Kadima Blog

Kadima Cloud · Blog

Três vazamentos em um mês: o que GTA, Vercel e 251 milhões de CPFs têm em comum

23/04/2026 · 6 min
Três vazamentos em um mês: o que GTA, Vercel e 251 milhões de CPFs têm em comum

Abril de 2026 vai entrar para a história da segurança digital.

Em menos de três semanas, três incidentes de grande repercussão vieram a público: a Rockstar Games teve 78 milhões de registros do GTA Online vazados, a Vercel confirmou acesso não autorizado a sistemas internos e credenciais de clientes, e um banco de dados com 251 milhões de CPFs brasileiros supostamente extraídos do Gov.br apareceu à venda em fóruns criminosos.

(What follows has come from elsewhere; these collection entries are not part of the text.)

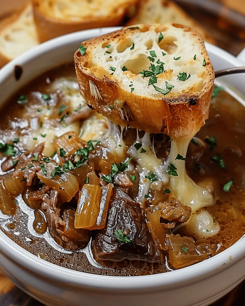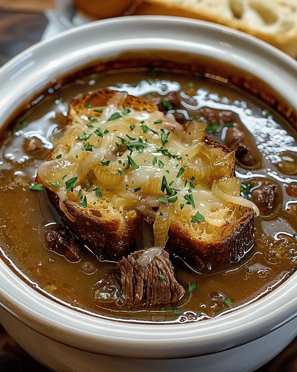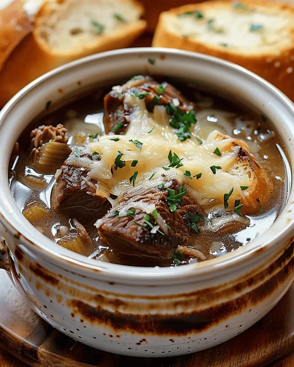 A comforting and rich soup featuring tender beef short ribs and sweet caramelized onions, perfect for any occasion.
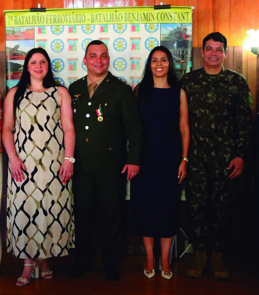 ' ' : ' Da esquerda para a direita: Tenente Cel Hudson e esposa Lelê Faltz Moreira e Tenente Cel Vicente da Silva Costa e esposa Érica Imolas Ferreira'
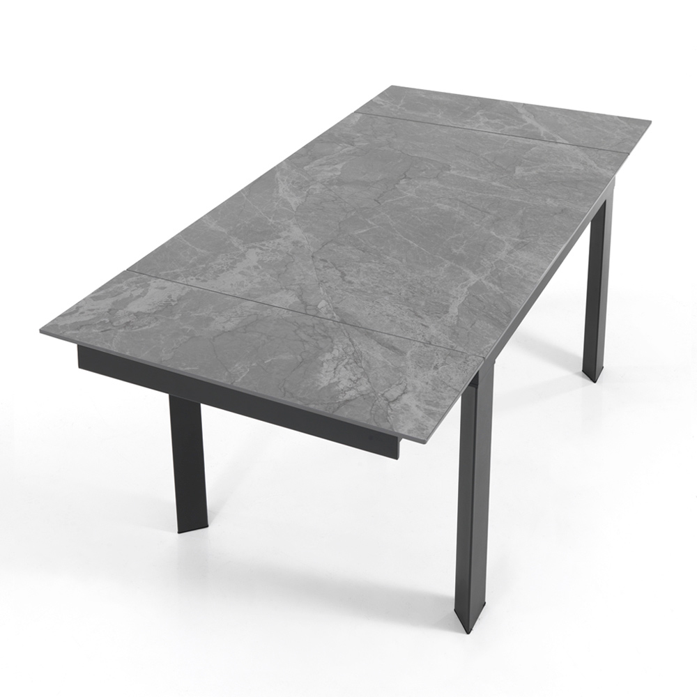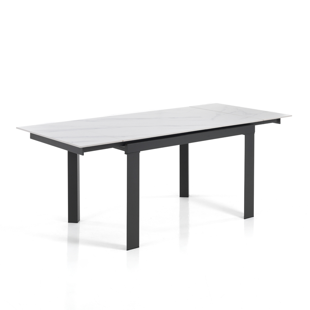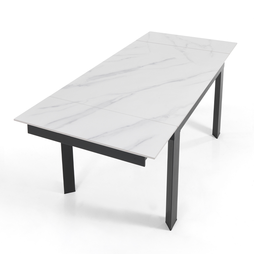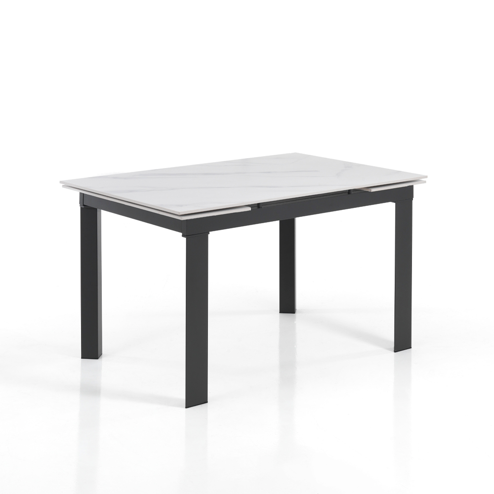 Mesa de interior con tapa de cerámica de 12 mm de espesor, base de acero pintado y extensiones colocadas íntegramente debajo del tablero. Este producto es la idea perfecta para todos aquellos que quieran dar un toque de modernidad y frescura al ambiente, ya sea un salón, una cocina o un ambiente contract. Los materiales elegidos para la construcción son de primera calidad para garantizar al cliente una mesa no sólo bonita a la vista sino también funcional y resistente , que desprende toda la artesanía.

Empresas diferentes. Países diferentes. Portes diferentes. Mas um padrão idêntico: nenhuma delas foi atacada diretamente. O atacante entrou pela porta dos fundos, pela cadeia de fornecedores.

O que aconteceu em cada caso

Rockstar / GTA Online

Em 11 de abril, o grupo ShinyHunters publicou no seu site de vazamentos que havia obtido acesso aos servidores da Rockstar Games. A exigência: pagamento de resgate até 14 de abril, ou os dados seriam publicados.

A Rockstar confirmou o incidente, mas com uma ressalva importante: o ataque não veio de dentro. A entrada foi via Anodot, uma plataforma de analytics de terceiros integrada ao ambiente Snowflake da empresa. Os atacantes usaram tokens de autenticação roubados para se passar por serviços legítimos internos e acessar dados de analytics do GTA Online e Red Dead Online, incluindo métricas de receita, padrões de engajamento e dados operacionais.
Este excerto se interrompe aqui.